Ixe, Lionel Soukaz’in son derece karanlık bir dönemde çektiği bir film. “İşte bunun için yaptım Ixe’i, ve haz almak için, ve sansürü provoke etmek için ve kaçmak için.” Ixe bir yaşam çığlığı, acı bir kahkaha! O güne kadar çektiği filmlerden, kaydettiği sahnelerden, televizyondan yaptığı alıntılardan parçalar koyarak inanılmaz bir patchwork gerçekleştiriyor Soukaz. Kırk kusur dakikalık, duble ekran için öngörülmüş, tek ekrandan da aynı etkiyle izlenebilen bir yerleştirme. Sadece deneysel sinema tarihi için değil, sinema hatta sanat tarihi için bir dönüm noktası, mihenk taşı ki bu noktada La Cinémathèque Française (Fransız Sinemateği) gibi son derece ciddi bir kurumun Ixe’i restore ettiğini söylememizde fayda var.
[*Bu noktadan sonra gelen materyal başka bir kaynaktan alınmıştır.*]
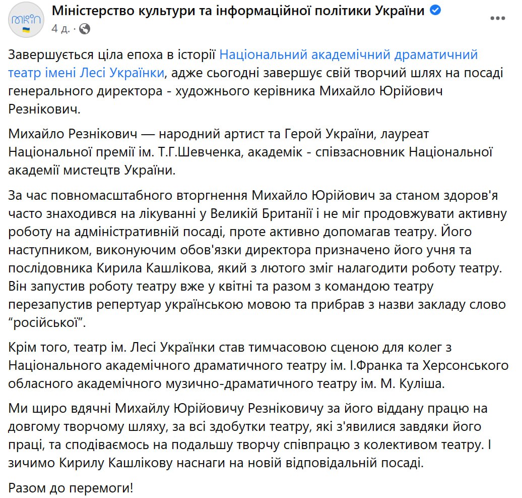 "Он запустил работу театра уже в апреле и вместе с командой театра перезапустил репертуар на украинском языке и убрал из названия заведения слово "русский"", - перечисляет достоинства нового руководителя Минкульт.

Ixe aynı adla anılan yasaya adanmış bir film. Ixe titretsin, ürpertsin.

Bu; firar, kriz, zeval, travesti, sertleşmiş, irkilen vücut, baskı, savaş,

siyasi şiddet, eroin, kaybolmuş vücut görüntüleri. Bu; boks maçı,

orman kanunu, hayatta kalma, tenis maçı görüntüleri. Endişe ve

utançtan kusturan siyasî ve dinî şahsiyetler. Ixe bunların hepsi olsun:

Bir çözümleme, kişisel bir çalışma (ayna), 80'li yılların bir resmi, ne

isterseniz, çok da önemli değil, ama Ixe, insanın tüylerini diken

diken yapan o şey, hayatın ürpertisi olsun.

Lionel Soukaz


Ixe (X yazılır, iks okunur, bir çığlık, bir yara gibi), içinden patlayan,

çarmıha gerilmiş bir film. Dört ayrı ekranda aynı anda gösterilmek

için düşünülmüş X bir parçalanma: Dört ana yönde, çarmıhın dört

ucunda, Savaş, Seks, Din ve Uyuşturucu. Üst üste gelen imgeler,

gözün zorlukla algıladığı flaşlar ve ustalıklı tekrarların hazırladığı

görsel oyun bize cinsellik ve cinsiyetin aynı zamanda bir vücut savaşı,

papanınsa halkın uyuşturucusu olduğunu hatırlatıyor. Televizyon

karşısında dünyanın tüm iğrençliğini göğüsleyen bu genç adamın

hikâyesi bir eroin partisini, modern bilinçaltının canavarlarını ortaya

çıkaran nesnel bir alan olarak betimliyor.”

Guy Hocquenghem



ÇE: Türkiye’de senin Ixe’i gösterme girişimlerin olmuştu diye hatırlıyorum.


YP: Ixe’i Türkiye’de daha önce iki kez gösterme şansına sahip oldum: İlki 22 Haziran 2011’de İstanbul Onur Haftası kapsamında Yeşil Ev’de; ikincisi 18 Mayıs 2013’te Ankara’da 8. Uluslararası Homofobi Karşıtı Festival programında. Üçüncü bir gösterimi çok yakında İstanbul’da organize etmeyi planlıyoruz, tabii Art Unlimited yardımıyla duyuracağız. İlgilileri, ilgisizleri, düşman olmayanları, düşman olup da tartışmayı bilenleri bekliyoruz.